• Source information:
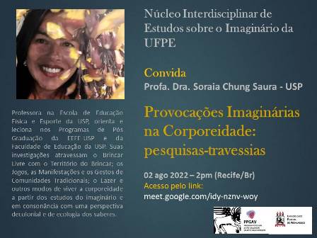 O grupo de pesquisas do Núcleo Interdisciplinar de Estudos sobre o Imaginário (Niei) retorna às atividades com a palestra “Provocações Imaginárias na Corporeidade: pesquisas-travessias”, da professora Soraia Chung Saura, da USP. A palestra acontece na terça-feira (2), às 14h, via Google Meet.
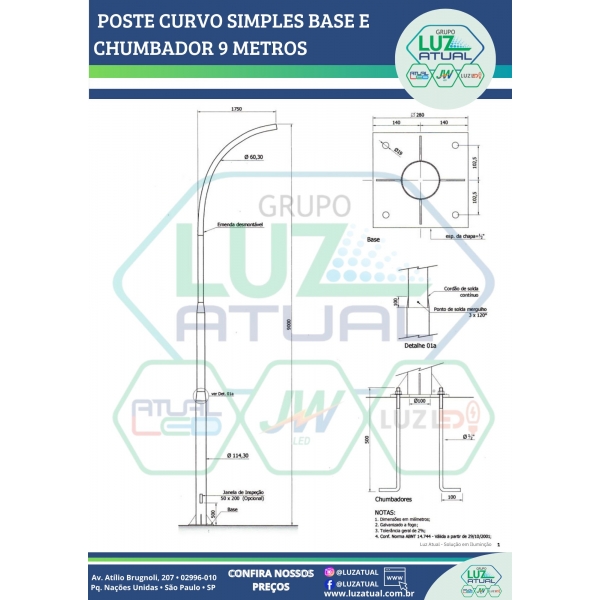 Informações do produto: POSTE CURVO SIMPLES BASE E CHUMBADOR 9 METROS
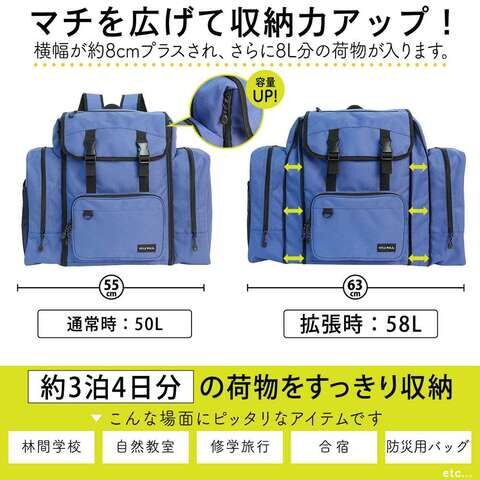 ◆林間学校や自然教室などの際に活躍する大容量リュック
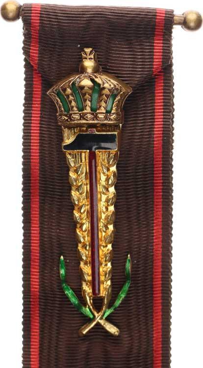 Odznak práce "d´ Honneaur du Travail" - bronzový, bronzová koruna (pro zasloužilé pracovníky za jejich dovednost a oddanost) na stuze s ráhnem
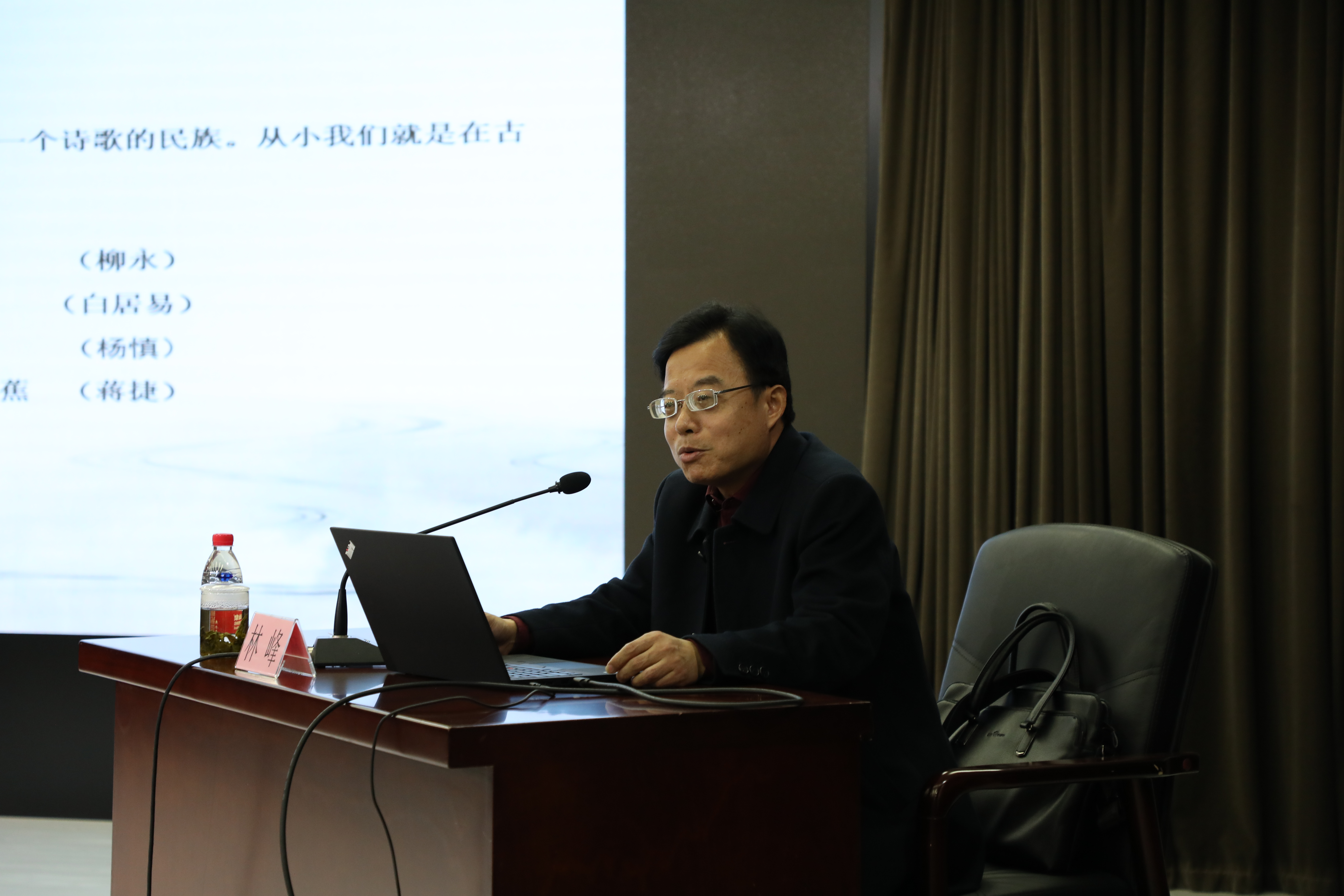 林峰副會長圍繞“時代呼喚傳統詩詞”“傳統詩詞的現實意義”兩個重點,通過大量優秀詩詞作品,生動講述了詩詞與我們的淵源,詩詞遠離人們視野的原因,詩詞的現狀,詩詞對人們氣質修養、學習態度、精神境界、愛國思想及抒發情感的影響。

• Task description: Print only the lines from the one with "stuze s ráhnem" through the last line of the data above, exactly and with both ends, and please omit any pictures.

• Exercise solution:
 Odznak práce "d´ Honneaur du Travail" - bronzový, bronzová koruna (pro zasloužilé pracovníky za jejich dovednost a oddanost) na stuze s ráhnem
 林峰副會長圍繞“時代呼喚傳統詩詞”“傳統詩詞的現實意義”兩個重點,通過大量優秀詩詞作品,生動講述了詩詞與我們的淵源,詩詞遠離人們視野的原因,詩詞的現狀,詩詞對人們氣質修養、學習態度、精神境界、愛國思想及抒發情感的影響。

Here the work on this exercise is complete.